There doesn’t seem to be a clear rule framework or practice for how government officials handle their social media when they exit office, conceded Howard, who compared the issue to the “Wild West” in a series of tweets last week about Pai’s account. It's “a broad systemic issue” that cuts across federal, state and local governments, Goldman said.
Cabinet secretaries and some agency heads often have Twitter handles specific to them. An Interior Department spokesperson told us former Secretary David Bernhardt’s account has been archived, like those of many other officials, in accordance with records management protocols. Bernhardt’s account says it's “archived and no longer updated.” Other accounts indicating they're now archived or inactive include those of former Commerce Secretary Wilbur Ross, Energy Secretary Dan Brouillette and Housing and Urban Development Secretary Ben Carson.
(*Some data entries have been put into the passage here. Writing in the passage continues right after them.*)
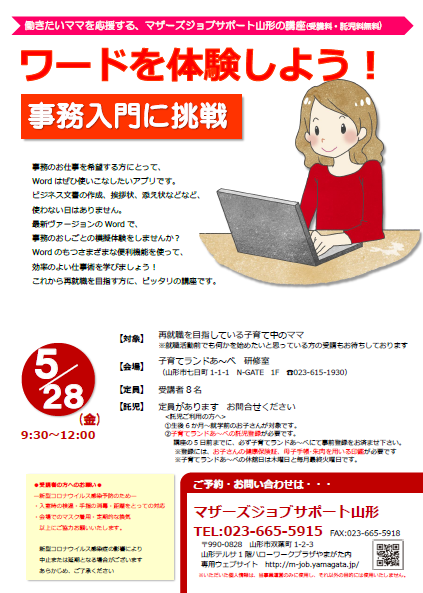 5月のパソコン講座のご案内です。 『ワードを体験しよう!事務入門に挑戦』 事務のお仕事を希望する方にとって、Wordはぜひ使いこなしたいアプリです。 最新バージョンのWordで、事務のお仕事の模擬体験をしませんか? Wordの持つ様々な便利機能を使って、効率の良い仕事術を学びましょう!これから再就職を目指す方に、ピッタリの講座です♪ ★ご注意★ 会場の、子育てランドあ〜べが 山形市内在住の方のご利用に限定している為 今月のお申込みは、山形市内在住の方に 限らせていただきます。 【日時】 5月28日(金) 9:30〜12:00【場所】 子育てランドあ〜べ 研修室【対象】 現在離職中で再就職を目指している 子育て中のママ【定員】 8名 【託児定員】 定員があります、お問合せくだください☆【受講料・託児料】 無料 ●ご利用の方へお願い●新型コロナウイルス感染予防のため・入室時の検温・手指の消毒・会場でのマスク着用・距離をとっての対応・定期的な換気以上のご協力をお願いいたしますまた、新型コロナウイルス感染症の影響により中止または延期、会場の変更となる場合がございます。あらかじめ、ご了承ください。 お申込み・お問い合わせは・・・マザーズジョブサポート山形TEL 023-665-5915
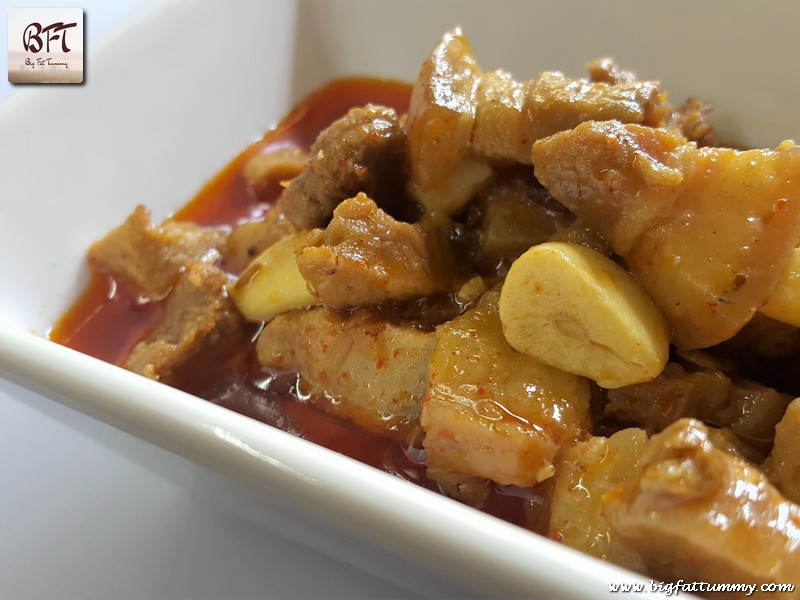 Hubby dear also indulges in cooking sometimes. He being the only child helped his mother in the kitchen sometimes. Drawing inspiration from his mother’s cooking he created the slow cooked pork curry. Don’t be discouraged by his generous use of spices, cause at the end, the pork curry turns out fairly mild in taste. It has just the right amount of pungency and sourness. The health benefits of garlic and the spices used are also well known. Certified that you will like this preparation as it has passed the litmus test. Certified by our toddlers!
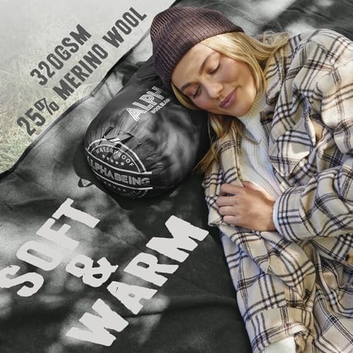 AlphaBeing Waterproof Outdoor Blanket with Merino Wool, Extra Thick Warm, Windproof, Packable Stadium Blankets for Cold Weather, Camping Gift, Pet, Car, Picnic, Concerts, 79" x 59", Black/Gray is backordered and will ship as soon as it is back in stock.
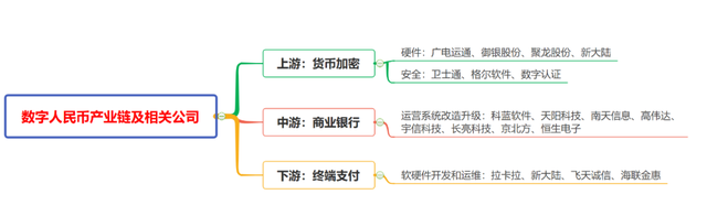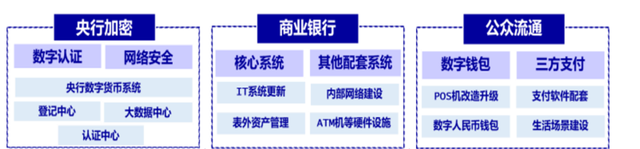 数字人民币带动的产业非常广泛,数字人民币的落地在央行发行方面,需要加密技术与网络安全,商业银行管理服务方面IT系统需要升级改造,ATM需要升级相关服务;在流通环节,需要对POS机等软硬件设备升级、对数字钱包应用进行普及。
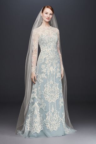 Incorporating color into your wedding day look is an of-the-moment bridal trends. This Oleg Cassini gown features a long-sleeve, lace-appliqued tulle sheath that sits beautifuly over a strapless blue column. The subtle sparkle of sequins and special details like buttons at the wrists and back make this modern take on an opulent dress truly breathtaking.
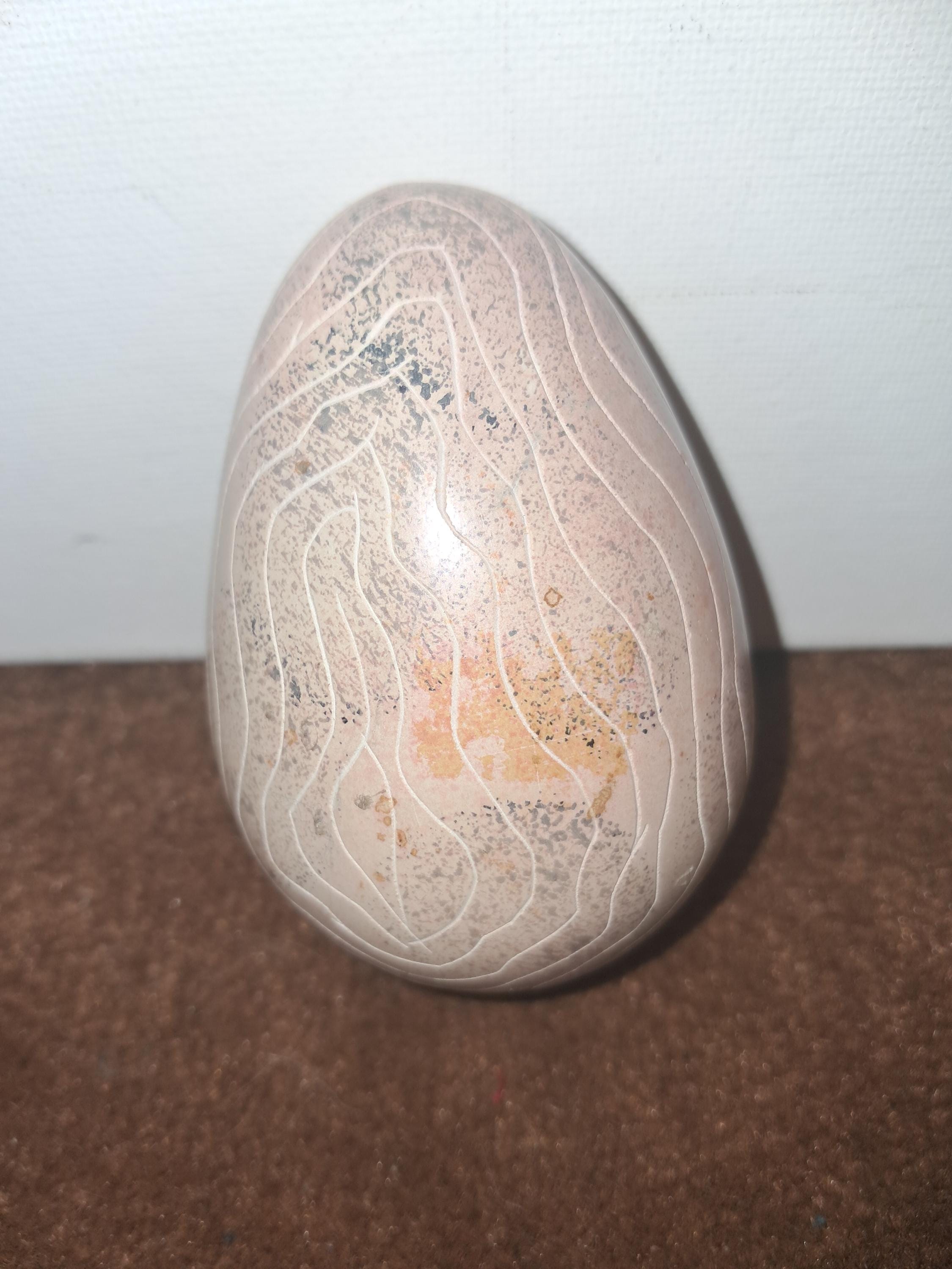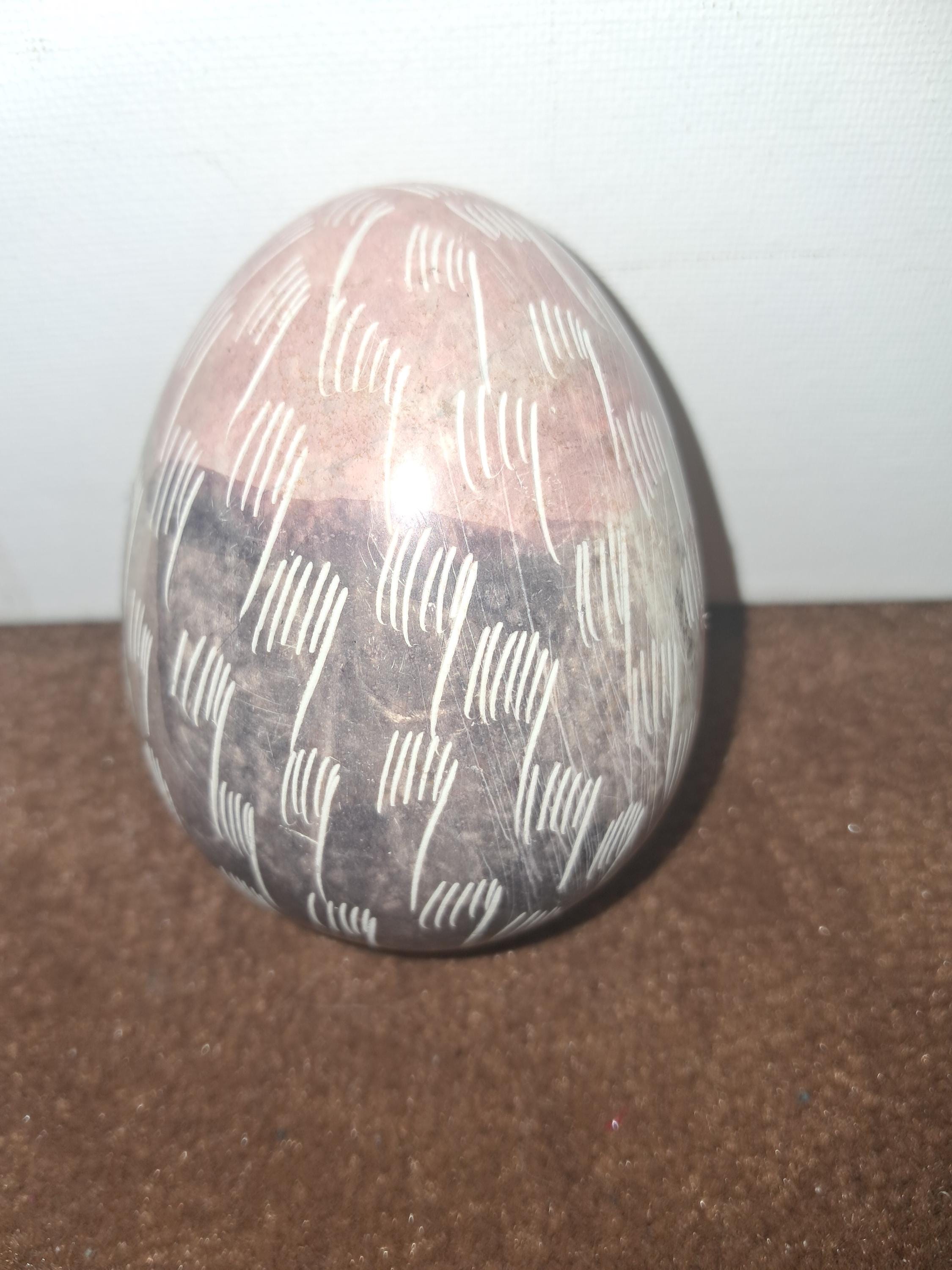 Hand Carved African Egg, Vintage Carved Stone Egg, Black and Pink Egg with Etched Design, Vintage Boho Home Decor, African Folk Art Egg

Others straddle a line, such as personal accounts used by former Treasury Secretary Steven Mnuchin and NASA Administrator Jim Bridenstine.
Until recently, the Twitter handle for former Senate Majority Leader Mitch McConnell, R-Ky., was @senatemajldr, but it changed to @LeaderMcConnell now that he's minority leader. Republican Mike Huckabee, who was Arkansas governor from 1996 to 2007, continues to tweet as @GovMikeHuckabee. Howard blamed the lack of a standard practice on a tendency to discount the importance of social media. “There’s no doubt that what happens on social media can affect people’s lives or cost people jobs,” he said. “It is a powerful tool.” There are no hard and fast rules, CREW said.
“If government officials want to change their Twitter username and reach out for assistance, our teams will help facilitate the request,” a Twitter spokesperson emailed. The platform sent out a release timed with the presidential transition outlining its handling of executive branch Twitter accounts shifting to the Biden administration. “As we did in 2017, Twitter is actively working with the US government to support the archival and transition of Twitter accounts across administrations.”
Transparency issues are at stake as well, Howard and Goldman agreed. Official communications from government officials are required to be preserved and subject to Freedom of Information Act requests. Twitter’s release said accounts such as @POTUS were transferred to the National Archives and Records Administration to be recorded before being handed off to the new administration. It isn’t clear how transparency rules apply to an account like Pai’s, which was used to transmit official FCC announcements and for more clearly personal communications about the Kansas City Chiefs or scary insects. With the account left in Pai’s private control, “what is there to prevent Pai from deleting his replies to reporters” in his direct messages, asked Howard.
“A lot of data is being generated by government employees that is susceptible to things like deletion and manipulation in ways the government can’t control,” said Goldman.